Lernen statt leer fahren

Der Ridesharing-Dienst Moia startet eine zweijährige Begleitforschung in Hamburg. Analysiert werden die Effekte des Angebots auf den gesamten Verkehr in der Stadt sowie das Verhalten der Nutzer*innen

Die Ergebnisse sollen für andere Städte nutzbar gemacht werden

Von Katharina Gebauer

Der Ridesharing-Dienst Moia will herausfinden, wie sich sein Mobilitätsangebot auf Hamburg auswirkt.

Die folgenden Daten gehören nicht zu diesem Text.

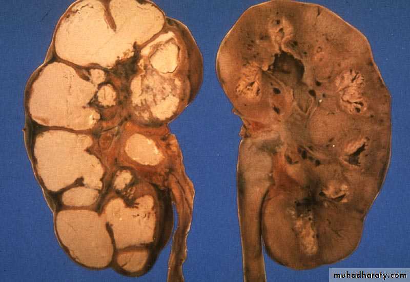Renal destruction, calcification.

In den kommenden zwei Jahren werden Wissenschaftler*innen der Bundeswehruniversität München (UniBwM) und des Karlsruhe Institute of Technology (KIT) die Wirkungen von Moia auf die Stadtmobilität analysieren, teilte das Unternehmen am Mittwochvormittag bei einer Pressekonferenz mit.

Im Rahmen einer Begleitforschung beschäftigen sie sich mit den Effekten des Sharing- und -Pooling-Angebots auf den gesamten Stadtverkehr und erforschen, welches Verkehrsmittel die Nutzer*innen für Moia-Fahrten stehen lassen.

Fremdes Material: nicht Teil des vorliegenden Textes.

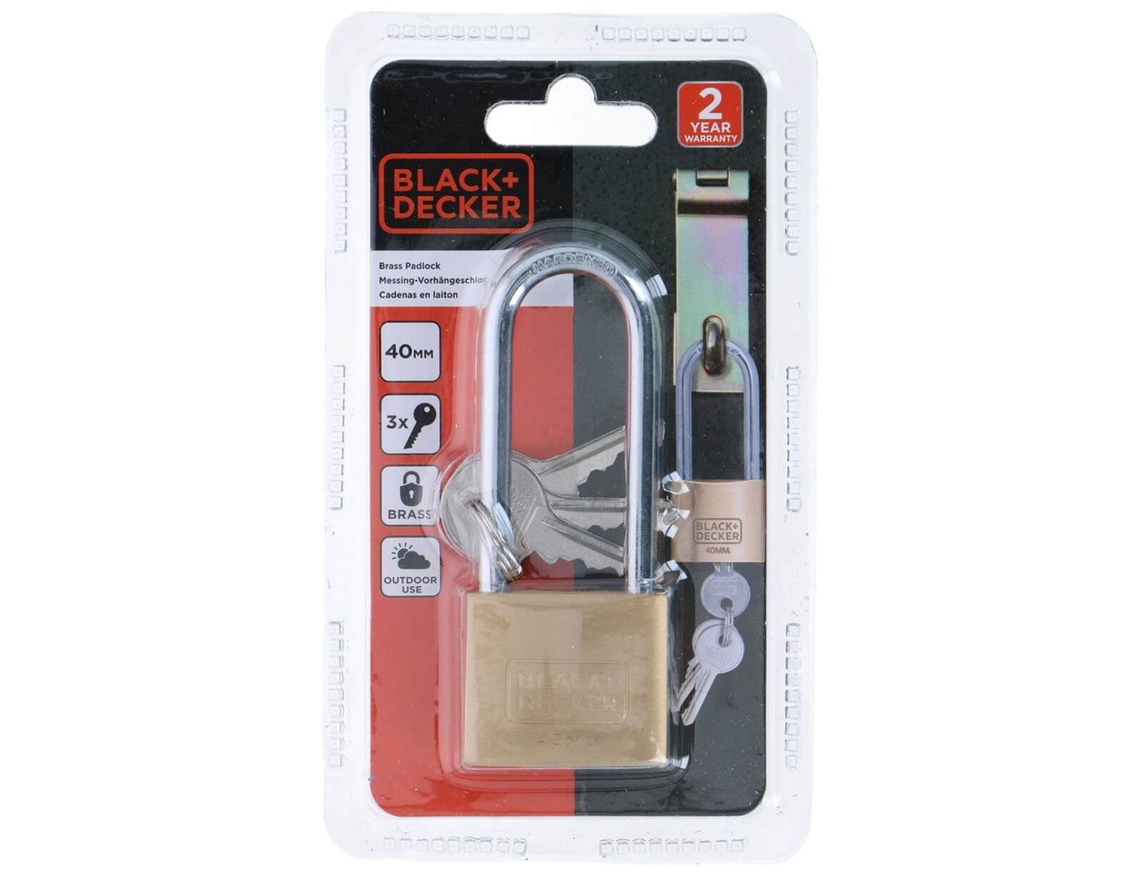 Λουκέτο ασφαλείας μακρύλαιμο Black+Decker με 3 κλειδιά - 40mm

Rund eine Viertelmillion Menschen nutzen die App, seit Mitte April wurden 340.000 Fahrten gebucht. „Es gibt mehr Nachfrage, als wir momentan bedienen können“, sagt Moia-Sprecher Christoph Ziegenmaier. Moia ist seit April mit derzeit etwa 100 elektrisch betriebenen Fahrzeugen auf Hamburgs Straßen unterwegs und bereits seit Oktober 2017 in Hannover präsent.

Ein Bus des VW-Tochterunternehmens lässt sich per App ordern, an einem festgelegten Haltepunkt steigt man hinzu. Ziel ist, die Wegstrecke mit bis zu sechs Personen zu teilen, um das Verkehrsaufkommen zu reduzieren. Dadurch wird auch der Preis geteilt: Er liegt mit durchschnittlich sechs bis sieben Euro pro Fahrt etwa zwischen öffentlichen Verkehrsmitteln und Taxis.

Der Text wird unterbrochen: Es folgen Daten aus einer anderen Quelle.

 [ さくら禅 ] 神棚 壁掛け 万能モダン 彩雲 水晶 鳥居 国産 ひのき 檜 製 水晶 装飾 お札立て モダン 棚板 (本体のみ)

In den kommenden Wochen wird das Angebot auf 200 Minibusse verdoppelt, danach wird auf 500 Fahrzeuge aufgestockt. Abhängig von den Ergebnissen der Begleitforschung kann die Flotte 2022 auf die genehmigte Größe von 1.000 Autos wachsen. Erst Anfang des Monats wurde eine eingeklagte Begrenzung auf 200 Fahrzeuge per Gerichtsentscheid aufgehoben. Kläger war ein Taxiunternehmen, das seine Rechte und Interessen verletzt sah.

Trotz der allgemeinen Einschätzung, dass vor allem leere Moia-Fahrzeuge durch die Stadt fahren, liege die sogenannte Pooling-Quote bei über 60 Prozent, sagt Ziegenmaier. „Pooling“, Englisch für bündeln, beschreibt das Bestreben des Unternehmens, die Routen unterschiedlicher Fahrgäste mit nur einer Fahrt zu bedienen. Im Falle der Quote seien somit über 60 Prozent der Fahrten von mindestens zwei verschiedenen Nutzer*innen geteilt worden.

Damit die Anfahrtsstrecke als Leerfahrt zur Entlastung des individuellen PKW-Verkehrs beiträgt, müsse es mindestens eine Nachfrage von fünf Prozent geben, sagt Klaus Bogenberger von der UniBwM. Grundlage für die Schätzung ist eine Simulation für den Raum München. Umgerechnet auf die Hamburger Verhältnisse sei eine Flotte von 1.000 Autos sowie eine hohe Kundennachfrage erforderlich.

Das KIT plant, 1.000 Moia-Nutzer*innen zu ihrer Auswahl des Dienstes und ihren Verkehrsmittelpräferenzen zu befragen. Zudem werden 1.000 Hamburger Nichtnutzer*innen gefragt, welche Verkehrsmittel sie benutzen. Die Ergebnisse sollen Anfang 2020 vorliegen.

Hauptaugenmerk der Analyse sind also Prognosen zukünftigen Nutzer*innenverhaltens. „Wir wollen herausfinden, von welchem Verkehrsmittel sie auf Ride-Sharing-Angebote umsteigen“, sagt Martin Kagerbauer vom KIT. Die Ergebnisse sollen über Hamburg hinaus für andere deutsche Städte nutzbar gemacht werden.